Personal information
- Date of birth: 31 January 1939 (age 86)
- Original team(s): CBC Parade
- Height: 178 cm (5 ft 10 in)
- Weight: 73 kg (161 lb)

Playing career^{1}
- Years: Club / Games (Goals)
- 1958–1961: Collingwood / 60 (72)
- 1962–1964: Fitzroy / 19 (14)
- Total:  / 79 (86)
- ^{1} Playing statistics correct to the end of 1964.

= Brian Beers =

Australian rules footballer

Brian Beers (born 31 January 1939) is a former Australian rules footballer who played for Collingwood and Fitzroy in the VFL.

==Family==
He is the father of Mark Beers and Tony Beers, who both also played for Collingwood.

==Football==
===Collingwood (VFL)===
A half forward, Beers was a member of Collingwood's 1958 premiership team and kicked two goals in the grand final. In 1959 he kicked a career high 28 goals for the year and the following season he played in the Collingwood side which lost the 1960 Grand Final.

===Fitzroy (VFL)===
He crossed to Fitzroy in 1962 where he finished his career.

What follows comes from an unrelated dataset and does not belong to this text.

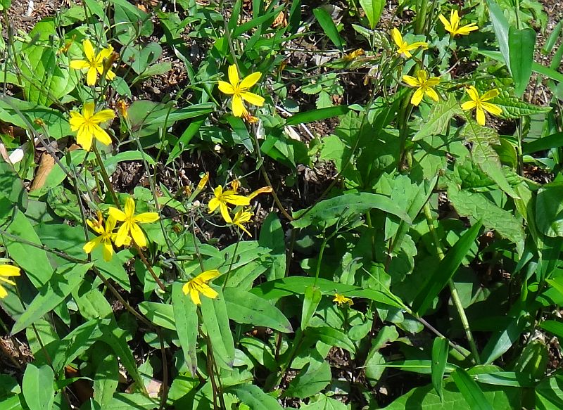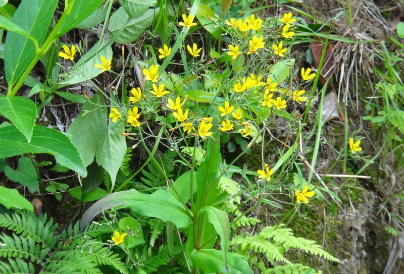 花茎の先に黄色い頭花を数個つける。舌状花は通常5枚で細長く、

On 6 July 1963, playing on the half-forward flank, he was a member of the young and inexperienced Fitzroy team that comprehensively and unexpectedly defeated Geelong, 9.13 (67) to 3.13 (31) in the 1963 Miracle Match.

==Tennis==
Beers also played tennis at a competitive level and later became the general manager of Tennis Victoria.